EPIC Poetry Group: Poet’s Corner — Mending, My Summer Vacation, Sacagawea The Navigator

My Edmonds News is pleased to present the latest installment of Poet’s Corner, presented by the Edmonds-based EPIC Poetry Group.

MENDING

How you spit and slick the thread
And twist the knot into the end,
Dip and catch the loop you made
Like a swallow diving through a hoop

Then bind the edges up into a row
Like a fence between the sweater fields
Purling up against the knitted edge
With stitches even as a tractor tread.

The furrow takes a detour down
A shallow and mysterious cave,
The pocket with its incidental loss,
The major reason for the needlework.

An earring or a button or a coin
Or an important key that slithered out
No longer vanish onto passing paths.
Your blanket stitch hems up the odd escape.

Now when I bunch my hands up into them
For warmth or for the comfort of their lair,
I feel your hands, sure in their handiwork,
As if my hand held yours inside those dens.

Kristina Stapleton

~ ~ ~ ~

MY SUMMER VACATION

We dreamed of bikes and swimming at the beach
While making heaping piles of withered weeds
To rescue bean plants from the strangled field,
Weeds popping up from clusters of pink seeds.

By making heaping piles of withered weeds
Each day restores the blankness of the rows.
Weeds popping up from clusters of pink seeds
Return, like manna in the night they grow.

Each day restores the blankness of the rows
And then again, the weeds invade in waves,
Return like manna in the night. They grow
More like a crop than lettuce, squash or kale.

And then again, the weeds invade in waves
Plus raspberries, with ever-bearing stems-
More like a crop than lettuce, squash or kale.
We ate our fill until we hated them.

Plush raspberries with ever-bearing stems-
We plucked them, plucked them, plucked away the days.
We ate our fill until we hated them.
The garden was our prison, was our cage.

We plucked them, plucked them, plucked away the days
To rescue bean plants from the strangled field
The garden was our prison, was our cage.
We dreamed of bikes and swimming at the beach.

Kristina Stapleton

~ ~ ~ ~

SACAGAWEA THE NAVIGATOR

Don’t go around saying the world owes you a living.

~Sacagawea

 

Yes, she was kidnapped, but at the same

Time no, she wasn’t the thin but buxom slave
Brought along as a silent scullery maid.

She was plump and humorous.
Her infant baby was a bonus.

She sang.
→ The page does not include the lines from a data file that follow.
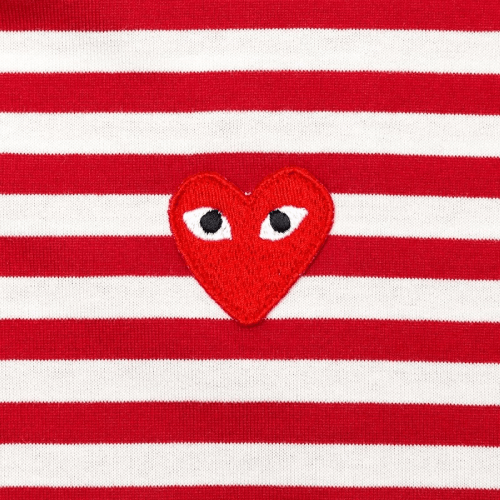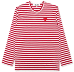 The CDG PLAY Big Red Heart Striped L/S T-Shirt (White/Red) is a perfect blend of comfort, modern design, and timeless style. This long-sleeve T-shirt brings a fresh and iconic look with its classic red and white stripes, making it a standout piece in any casual or streetwear outfit. The bold red heart emblem on the chest adds a signature touch that instantly elevates its appeal. Made from soft, breathable cotton, it ensures a comfortable wearing experience whether you’re out for the day or relaxing at home.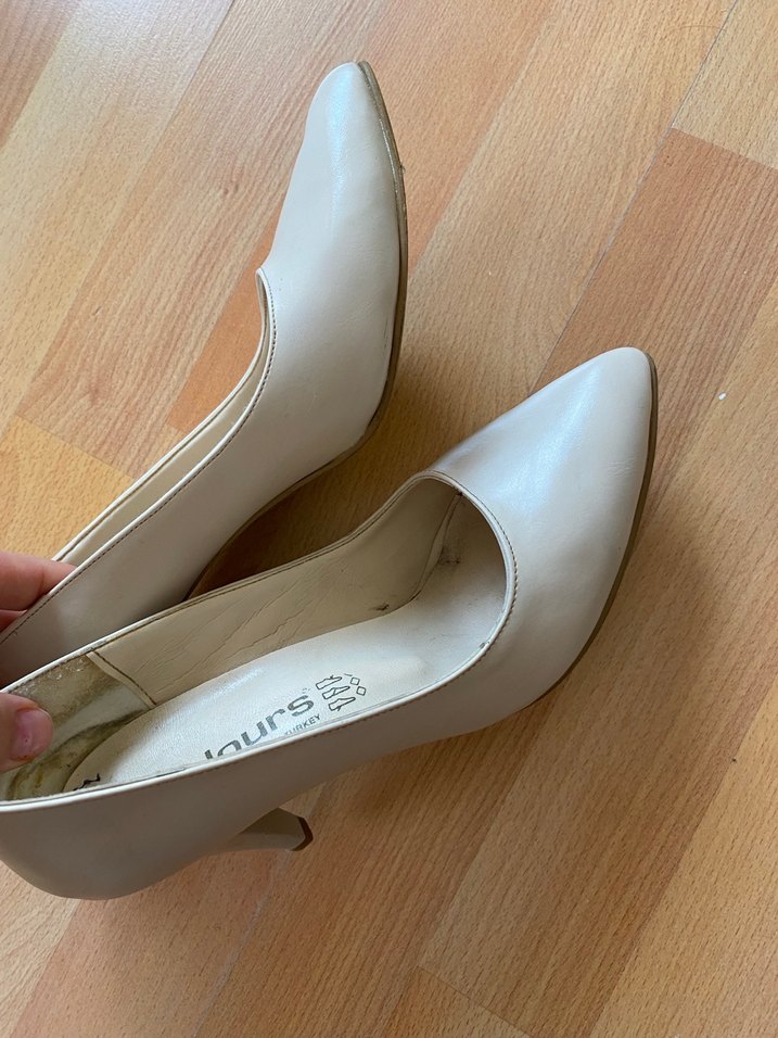 Beyaz, bağcıklı stiletto topuklu kadın ayakkabısı, klasik ve geleneksel tarzda, ofis kullanımı için uygundur. Yumuşak dokulu, pastel tonludur.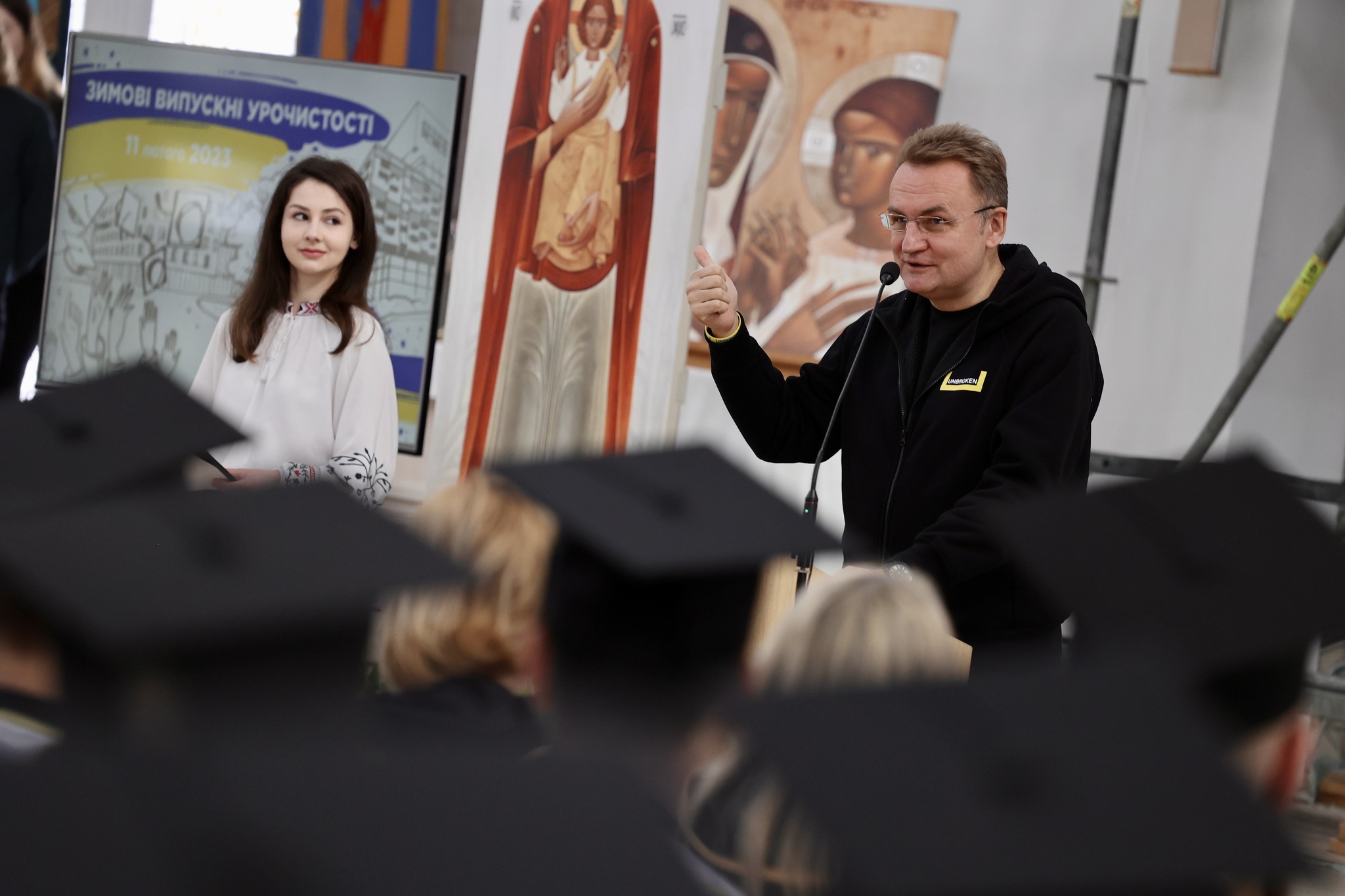У суботу, 11 лютого, міський голова Львова Андрій Садовий привітав випускників Українського католицького університету UCuniversity із завершенням навчального періоду.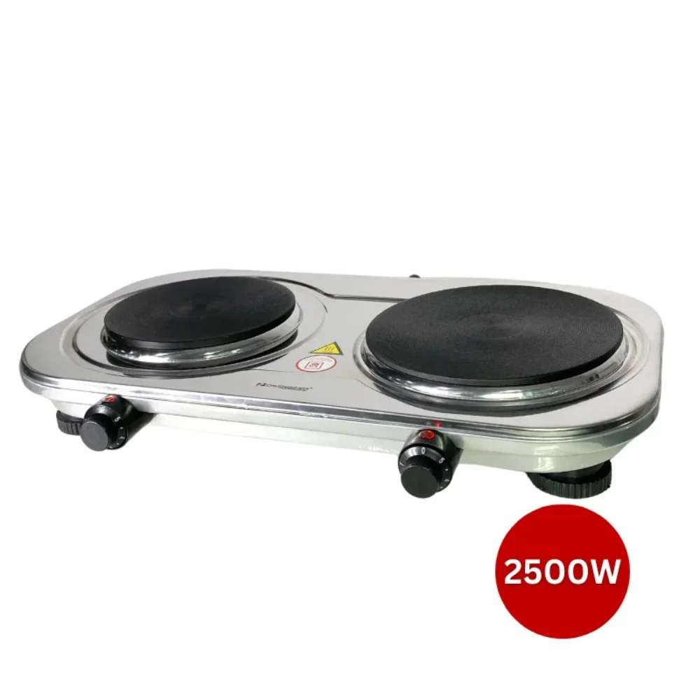 - Potência combinada de 2500 W – Este fogão elétrico duplo tem uma potência total de saída de 2500 W, dividida entre as duas placas de aquecimento, proporcionando aquecimento rápido e eficiente. Seu desempenho poderoso permite que você lide com várias tarefas de cozimento, como ferver, fritar ou cozinhar em fogo baixo, reduzindo o tempo de cozimento e tornando o preparo das refeições mais rápido e conveniente.
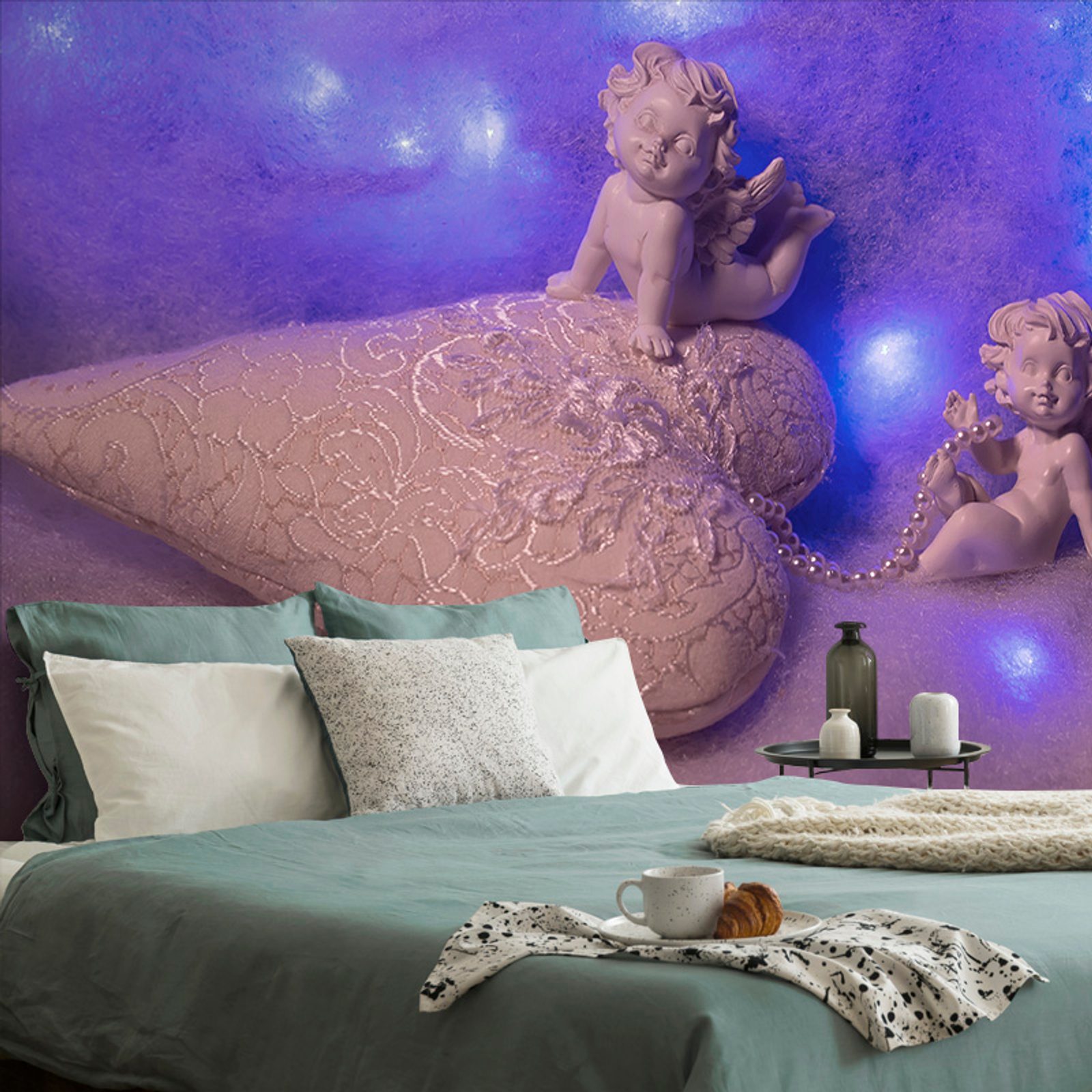 Fototapeta s motivem andílků se srdíčkem přináší do vašeho interiéru kouzelnou atmosféru. Dva roztomilí andílci se nacházejí na zdobeném polštářku, obklopeni jemným modrým pozadím a zářícími světélky. Barvy jsou měkké a pastelové, což vytváří příjemnou a snovou náladu. Tato tapeta je ideální pro dětské pokoje nebo jako dekorace pro romantické interiéry. Vyrobeno z kvalitních materiálů, zaručuje dlouhou životnost a snadnou aplikaci.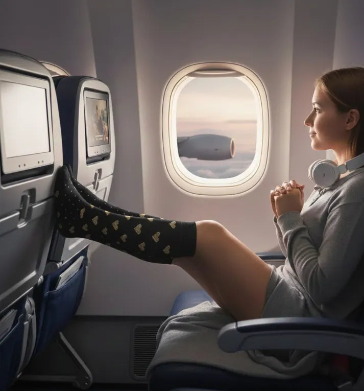 En voyage : Enfilez-les dès le départ pour arriver avec des jambes légères.

She knew a lot they didn’t know.
Her jokes kept up their lows.

They understood the angle of her taunts
Even when they didn’t know her tongue.

They suffered her disgust at their mistakes
While she put tough things right.  They ate

What she gleaned off the land when
Provisions not lost at the riverbend

Were exhausted but for tallow candles.
She taught them by example

To enjoy the worst of weather,
To let it knit them all together,

that only fools complain.

Kristina Stapleton

~ ~ ~ ~

Kristina Stapleton is hunkered down in Edmonds for the duration of the pandemic along with her guitar playing husband Billy. Thanks to zoom, she still gets to attend the EPIC Writers Group.